■ **Required action**: No pictures go into the copy. Write out exactly the lines below from the one containing "Refresh your car" through the one containing "Once done, shred".

Start of Source data

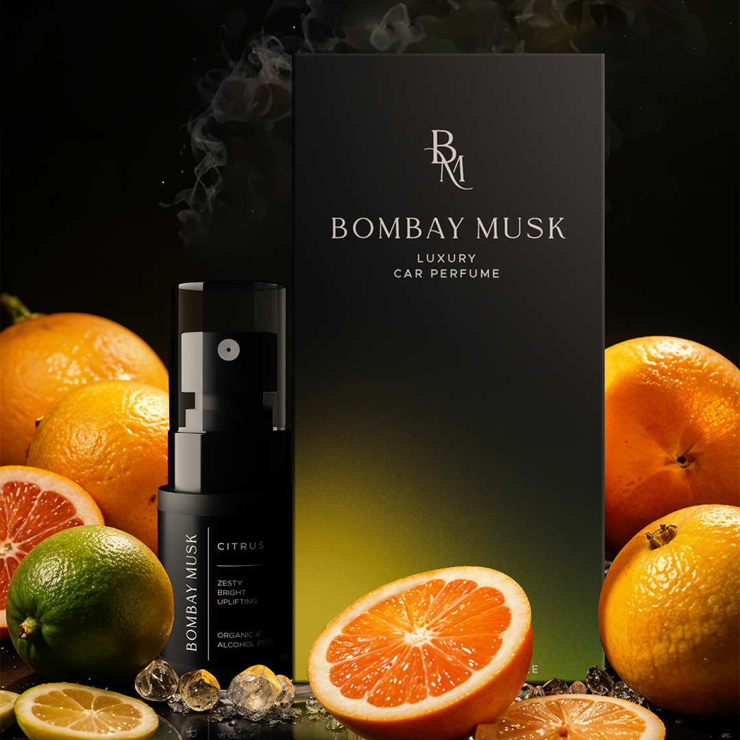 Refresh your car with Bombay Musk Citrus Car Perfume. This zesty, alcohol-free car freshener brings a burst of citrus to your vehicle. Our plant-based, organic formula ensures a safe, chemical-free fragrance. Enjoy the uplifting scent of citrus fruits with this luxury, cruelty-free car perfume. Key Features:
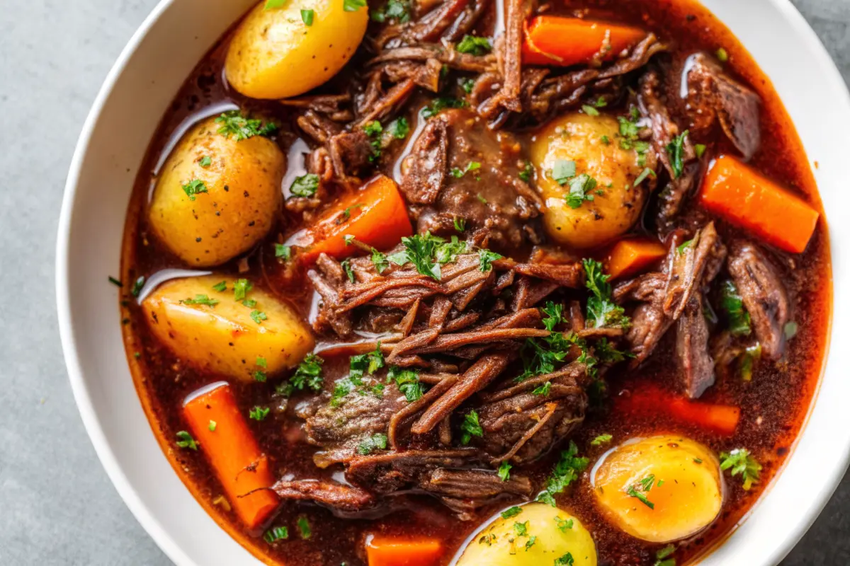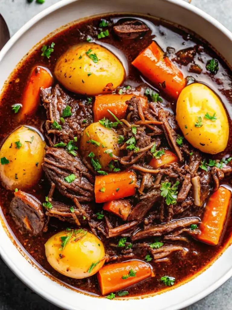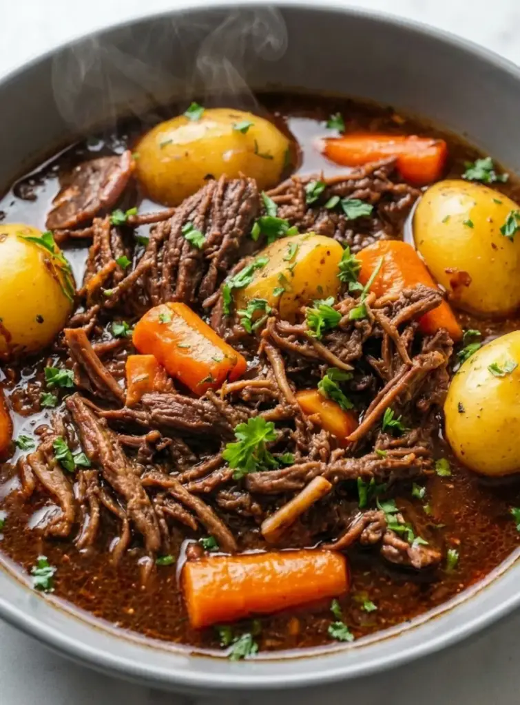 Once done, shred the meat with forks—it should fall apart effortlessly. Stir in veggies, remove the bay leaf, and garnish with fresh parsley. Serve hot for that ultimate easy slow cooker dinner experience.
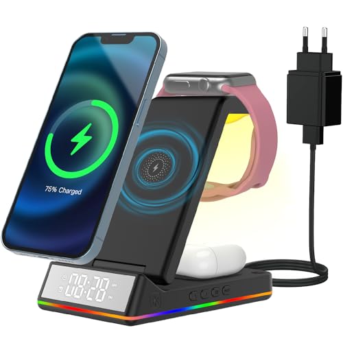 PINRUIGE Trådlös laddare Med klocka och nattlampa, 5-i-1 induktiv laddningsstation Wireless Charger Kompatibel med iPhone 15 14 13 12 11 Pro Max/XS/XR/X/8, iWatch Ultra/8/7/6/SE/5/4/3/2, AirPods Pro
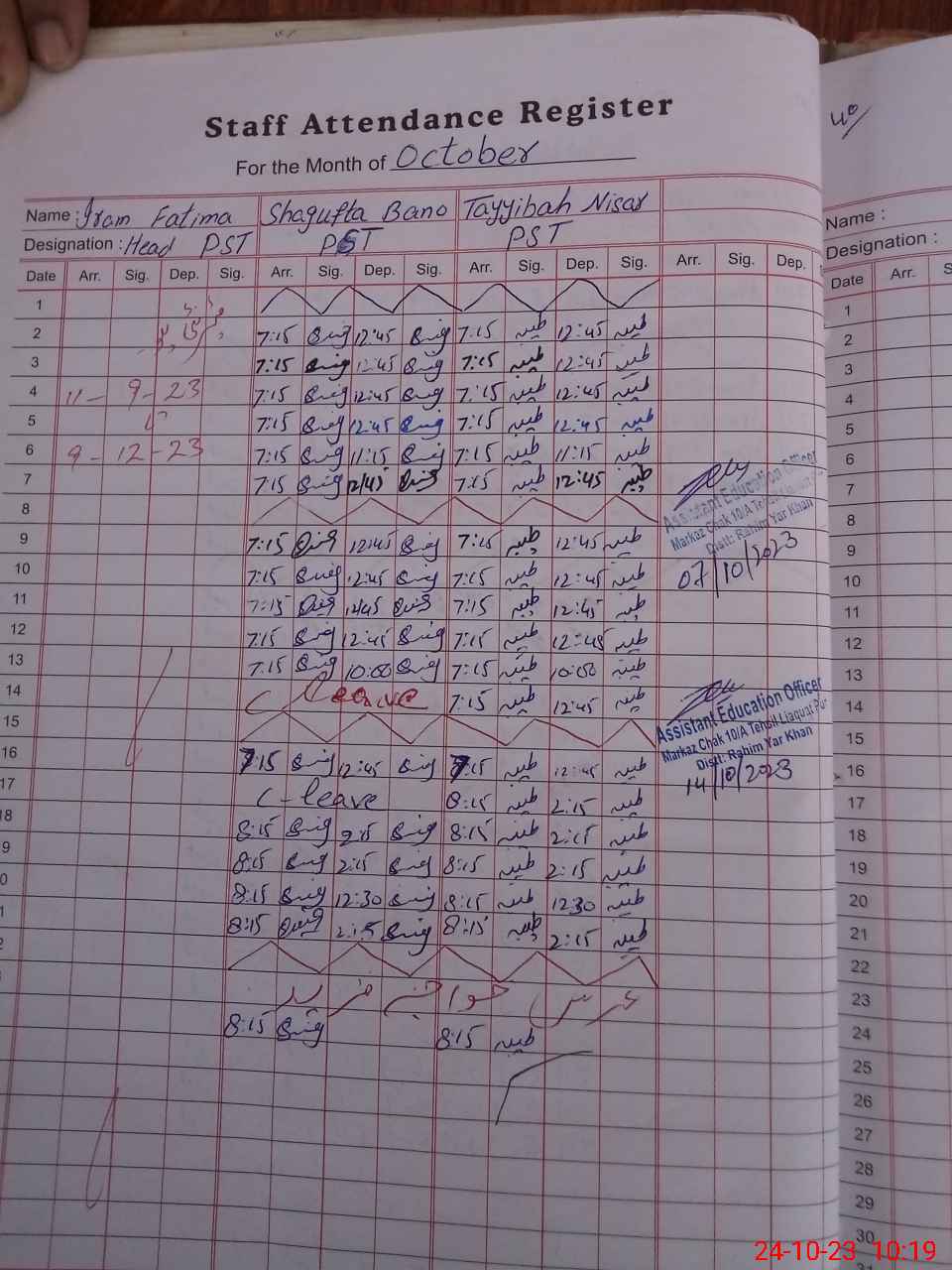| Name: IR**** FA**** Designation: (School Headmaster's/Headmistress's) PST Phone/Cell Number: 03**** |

End of Source data
Start of Source data

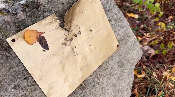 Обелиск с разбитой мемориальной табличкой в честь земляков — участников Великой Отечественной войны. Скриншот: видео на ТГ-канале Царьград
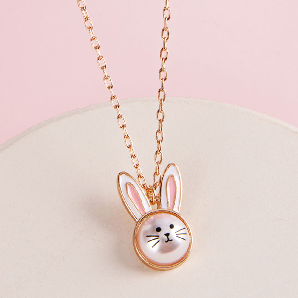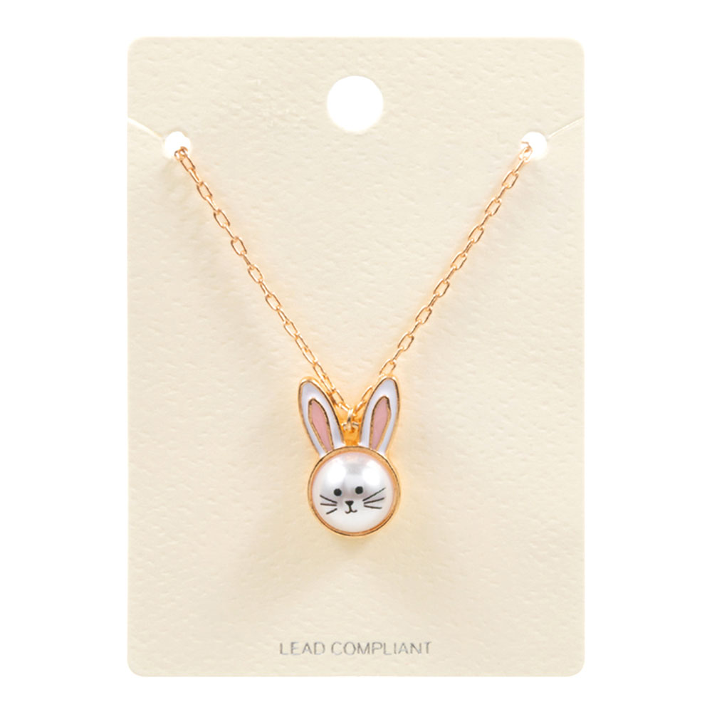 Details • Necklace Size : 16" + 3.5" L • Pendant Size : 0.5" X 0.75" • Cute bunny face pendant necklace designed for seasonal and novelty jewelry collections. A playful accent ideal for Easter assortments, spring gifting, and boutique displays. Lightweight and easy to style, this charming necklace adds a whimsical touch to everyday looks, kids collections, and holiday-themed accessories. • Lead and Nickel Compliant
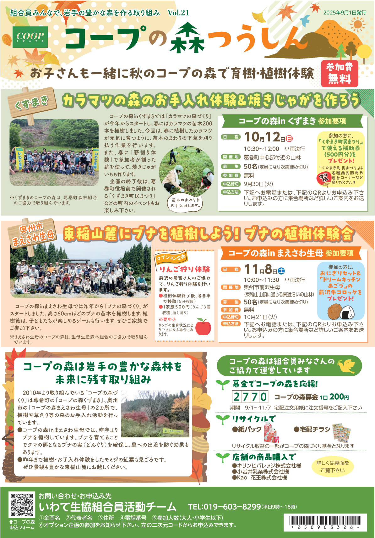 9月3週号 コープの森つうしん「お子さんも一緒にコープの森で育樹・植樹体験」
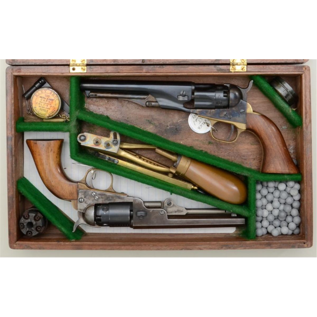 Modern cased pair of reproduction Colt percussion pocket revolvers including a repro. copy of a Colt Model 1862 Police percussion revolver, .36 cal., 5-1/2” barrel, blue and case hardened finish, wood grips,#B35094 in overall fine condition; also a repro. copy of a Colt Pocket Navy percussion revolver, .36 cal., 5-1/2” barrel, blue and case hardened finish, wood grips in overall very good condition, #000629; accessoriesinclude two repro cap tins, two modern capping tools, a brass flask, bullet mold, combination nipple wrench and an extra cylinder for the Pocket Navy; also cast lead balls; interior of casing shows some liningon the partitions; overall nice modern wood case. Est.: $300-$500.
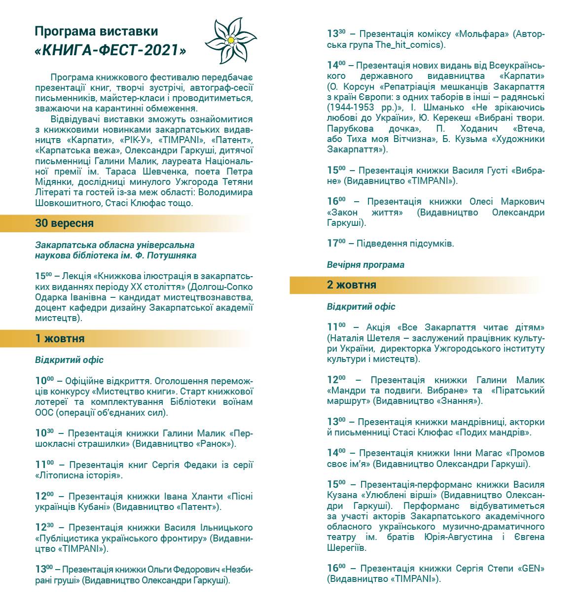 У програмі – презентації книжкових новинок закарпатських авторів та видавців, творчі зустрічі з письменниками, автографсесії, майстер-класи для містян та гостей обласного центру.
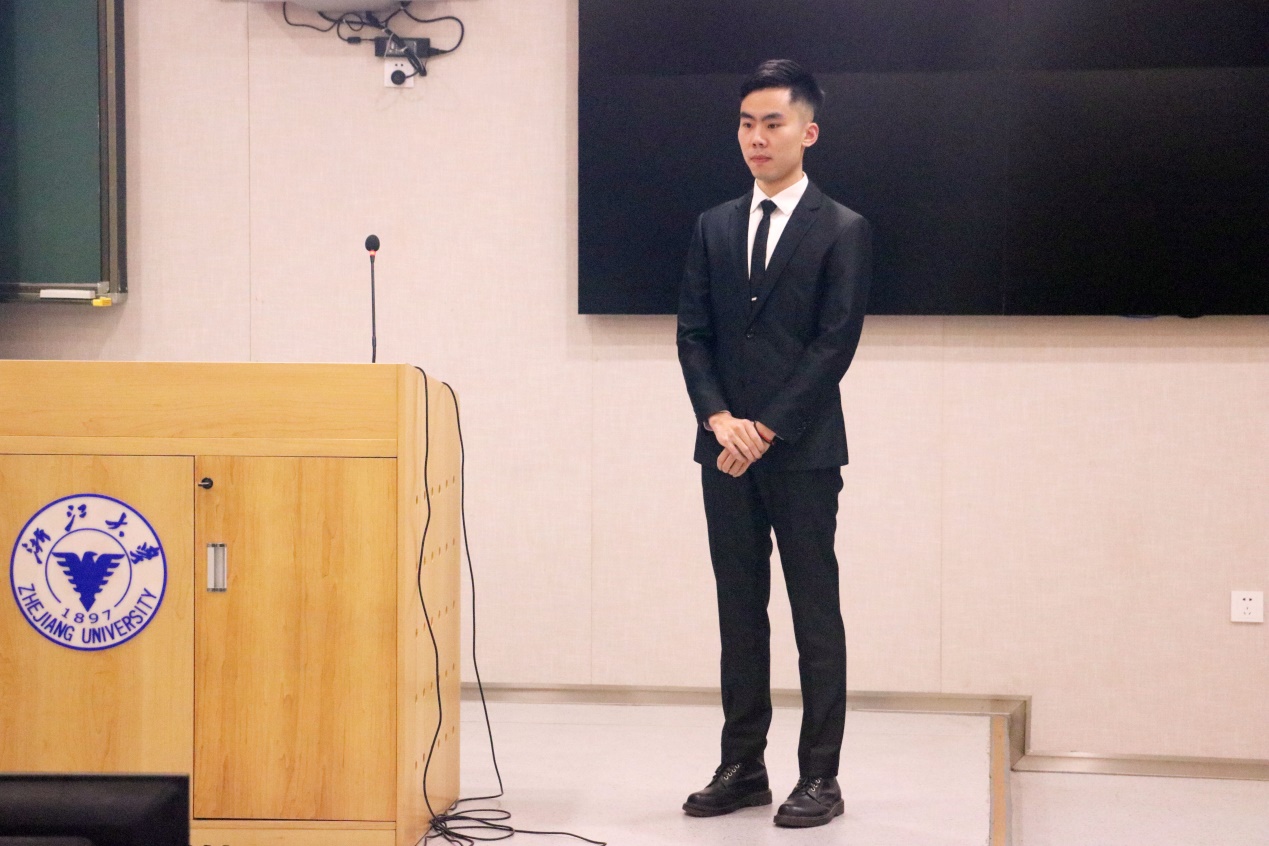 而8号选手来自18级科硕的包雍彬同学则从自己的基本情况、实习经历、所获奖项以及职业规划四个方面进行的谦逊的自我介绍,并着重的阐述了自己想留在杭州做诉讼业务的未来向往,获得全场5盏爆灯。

End of Source data

■ **Written response**:
 Refresh your car with Bombay Musk Citrus Car Perfume. This zesty, alcohol-free car freshener brings a burst of citrus to your vehicle. Our plant-based, organic formula ensures a safe, chemical-free fragrance. Enjoy the uplifting scent of citrus fruits with this luxury, cruelty-free car perfume. Key Features:
 Once done, shred the meat with forks—it should fall apart effortlessly. Stir in veggies, remove the bay leaf, and garnish with fresh parsley. Serve hot for that ultimate easy slow cooker dinner experience.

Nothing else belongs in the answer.